Your best bet to support methylation is to eat more of an ancestral diet low in processed foods and added sugars and rich in whole plant foods, particularly leafy greens and other vegetables, according to Dr. Rawls. Not only does a nutrient-rich diet fortify your body to combat Lyme and coinfections, but it also contains an abundance of natural folate and other methyl donor nutrients that can help compensate for decreased MTHFR enzyme function.
Good dietary sources of folate include spinach, asparagus, Brussels sprouts, mustard greens, beans and legumes (mung beans, adzuki beans, chickpeas, and lentils), peanuts, sunflower seeds, and liver.

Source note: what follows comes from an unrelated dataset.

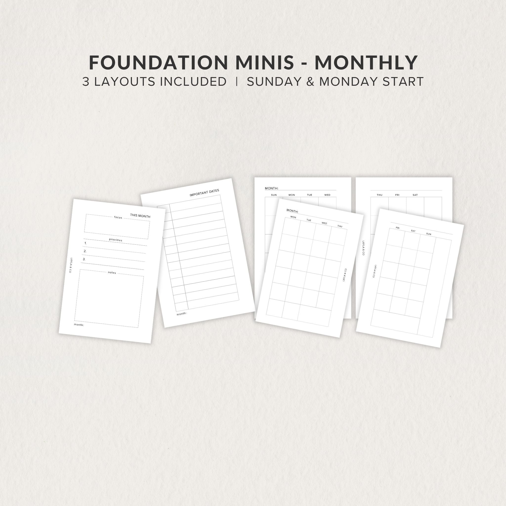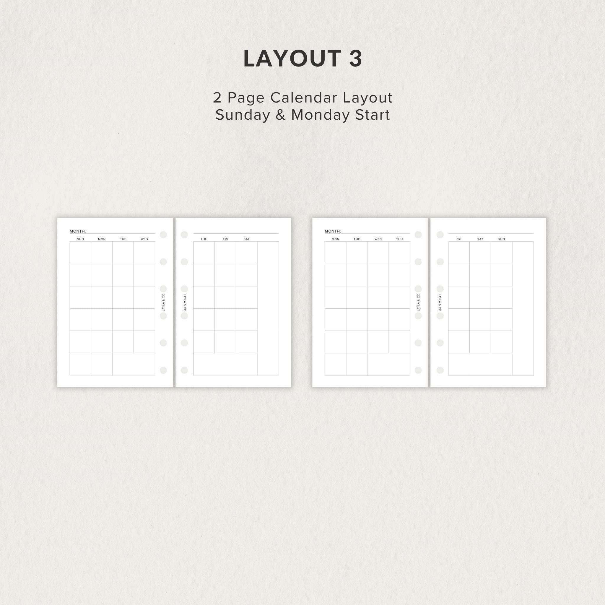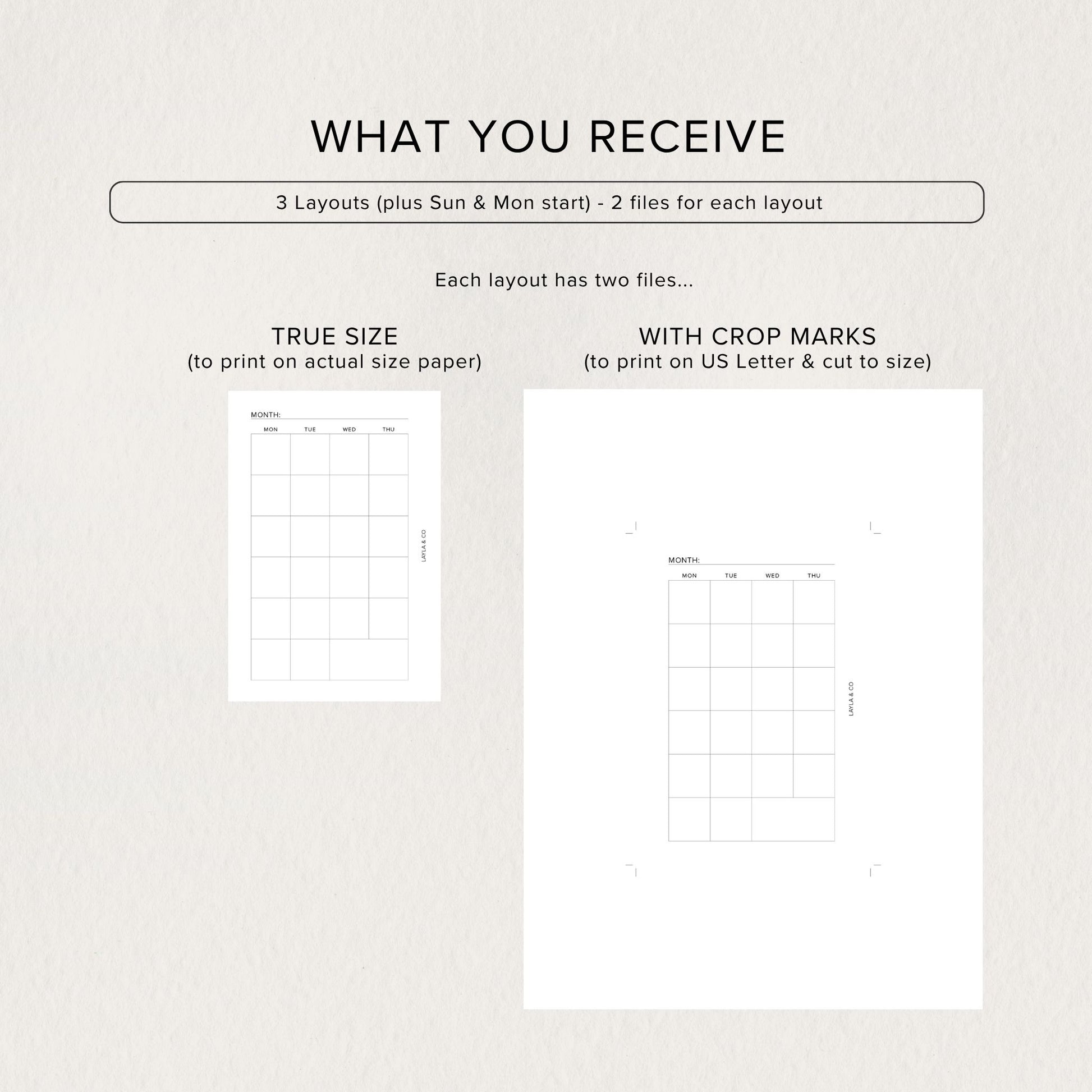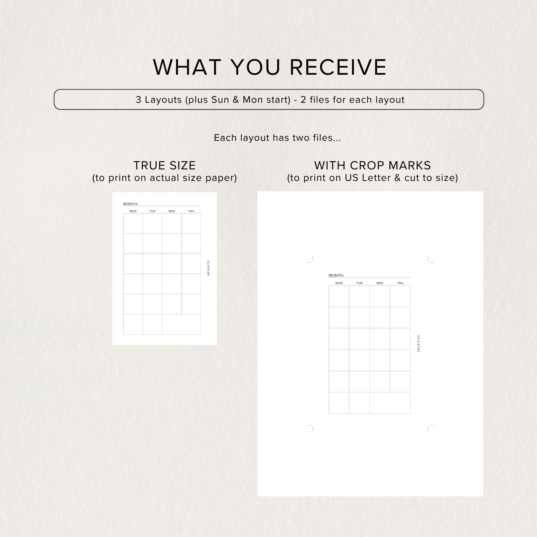 When you select your size, you’ll receive 3 monthly layouts (calendar includes Sun and Mon start), each with multiple print-ready options for ease and flexibility.

2. Consider Activated Forms of Vitamins and Supplements.
For an added layer of cellular support, people with MTHFR mutations should consider taking a multivitamin or a B-complex supplement containing activated B vitamins, including activated folate (listed as 5-methyltetrahydrofolate or 5-MTHF). These bypass the MTHFR enzyme and can be used immediately by the body, a plus for those with Lyme who struggle with gut issues or need bioavailable nutrients to bolster energy reserves.
According to Dr. Rawls, 400-800 micrograms of activated folate daily is generally adequate for people with a single mutation, but those with a double mutation may want to double that dose. For additional methylation support, you can also consider taking SAMe, glutathione, and N-acetyl cysteine (NAC) — which are important for detoxification.

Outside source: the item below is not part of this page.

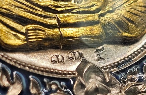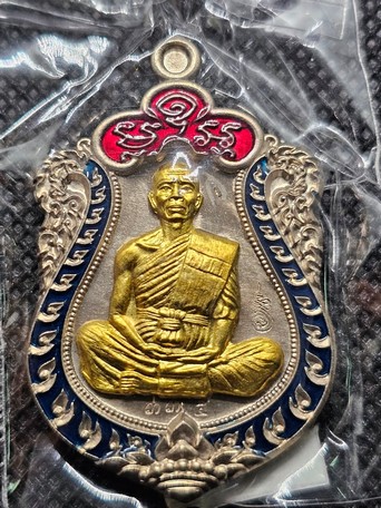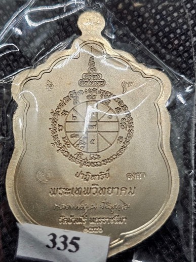 หลวงพ่อคูณ EOD เหรียญเสมา เนื้ออัลปาก้าหน้ากากปลอกลูกปืน ลงยา 2 สี แยกจากชุดทองคำ หมายเลข 335 จมูกโด่ง ซีลเดิม พร้อมกล่องเดิม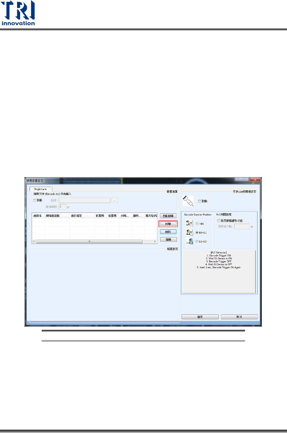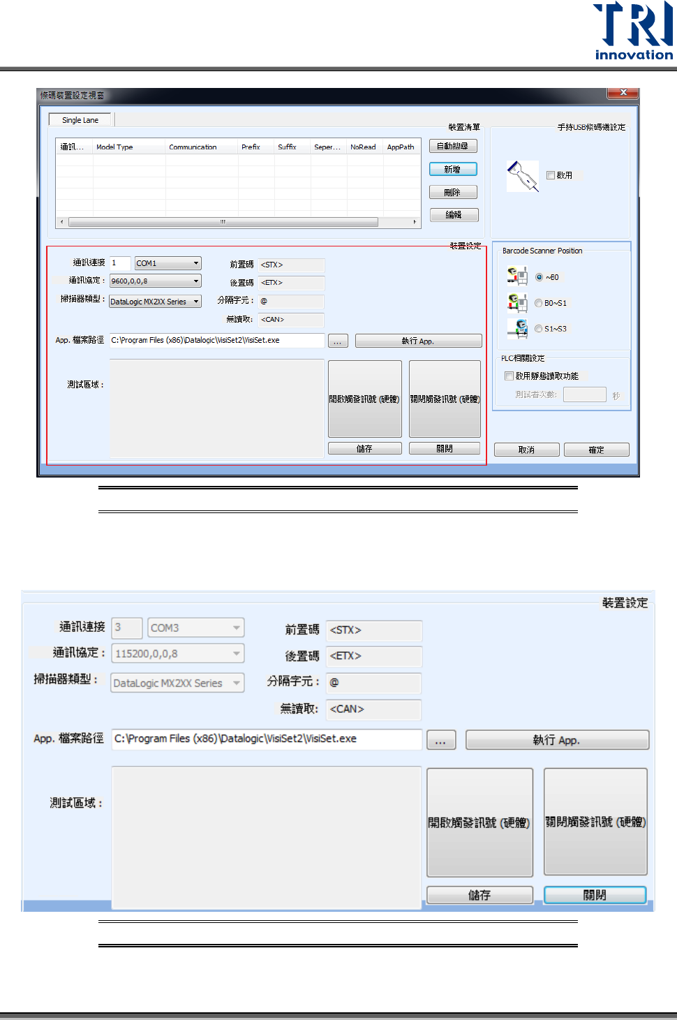 Test Research, Inc. TR7500 SIII Series User G uide – Soft ware 201 圖 302 :新增畫面 − 刪除:點選左邊 條碼機資料將其移 除。 − 編輯 :編輯條碼機資 料。灰色區域為機台辨識出 的欄位,無法手動修改。 如需修 改則需進入供應商提供 的 App 應用程式設定。 圖 303 :編輯畫面 通訊連接埠:對應電腦 的連接埠。

3. Prioritize Sleep, Curb Stress, and Move Your Body.
As mentioned above, poor sleep and excess stress can alter methylation. Sleep is vital for whole-body health to fight infections and support a healthy stress response. Therefore, take whatever steps you can to get at least eight hours per night, whether that’s limiting screen time or negative news before bed, avoiding afternoon caffeine intake, or sipping on tea with calming herbs such as lemon balm, passionflower, or chamomile.

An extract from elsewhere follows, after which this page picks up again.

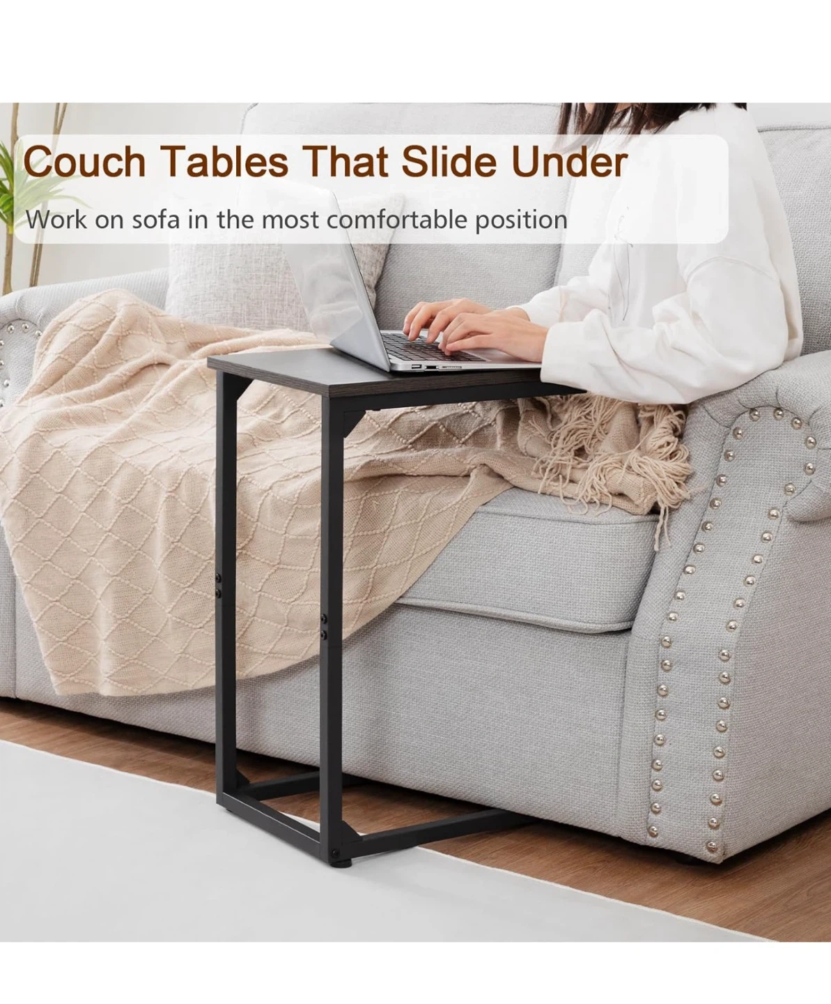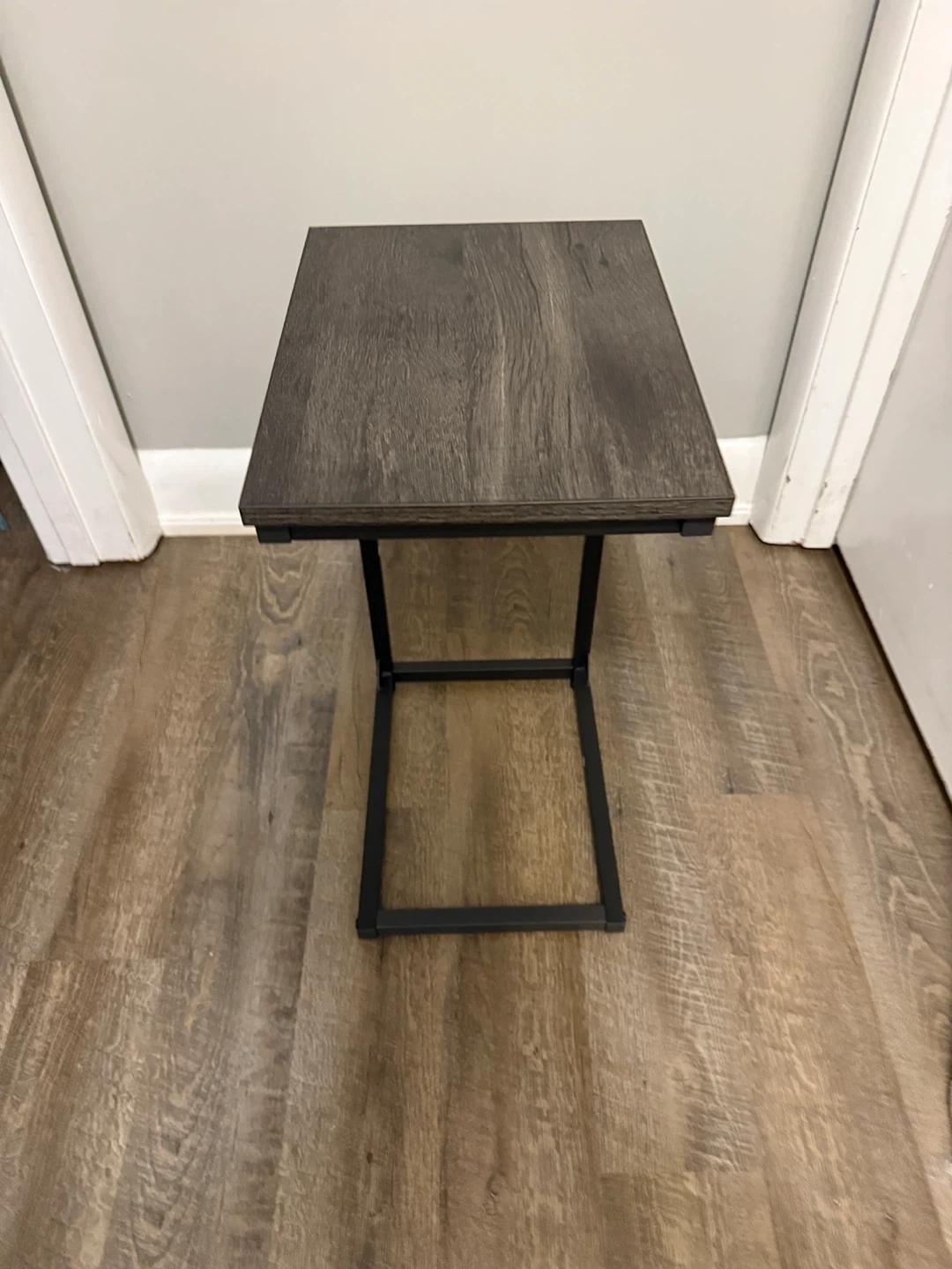 This C-shaped end table is perfect for small spaces! It's great for using next to a couch or bed.

And although exercise can be challenging when you have Lyme and don’t feel well, try your best to get whatever exercise or movement your body allows to curb stress and support methylation further. Even walking for a few minutes (particularly in nature) helps normalize stress hormones, and research suggests regular exercise may help prevent adverse DNA methylation changes.
What about Testing for MTHFR Mutations?
While genetic testing can tell you for sure if you have an MTHFR gene mutation, these tests can be pricey and are not always necessary. Checking for elevated homocysteine levels may also indirectly reveal MTHFR issues. “Testing is fine, but it doesn’t really change anything in terms of my advice — taking basic B vitamins, eating a really good diet, keeping stress down, and all that,” says Dr. Rawls. “So I tend to reserve testing for people doing all those things and, for whatever reason, aren’t getting better — just to make sure there’s not something hiding that we may be able to focus on a bit more.”
The Bottom Line
A variety of factors may contribute to chronic Lyme disease, including impaired methylation caused by MTHFR mutations and poor lifestyle habits. Taking steps to promote healthy methylation via simple dietary changes, supplements, and lifestyle shifts won’t necessarily alleviate all the symptoms of chronic Lyme, but it will support a wide range of bodily processes — from aiding detoxification to curbing oxidative stress — that may ease the burden on your cells so that they can function optimally, defend against pathogens, and promote healing.
Dr. Rawls is a physician who overcame Lyme disease through natural herbal therapy. You can learn more about Lyme disease in Dr. Rawls’ new best selling book, Unlocking Lyme.
You can also learn about Dr. Rawls’ personal journey in overcoming Lyme disease and fibromyalgia in his popular blog post, My Chronic Lyme Journey.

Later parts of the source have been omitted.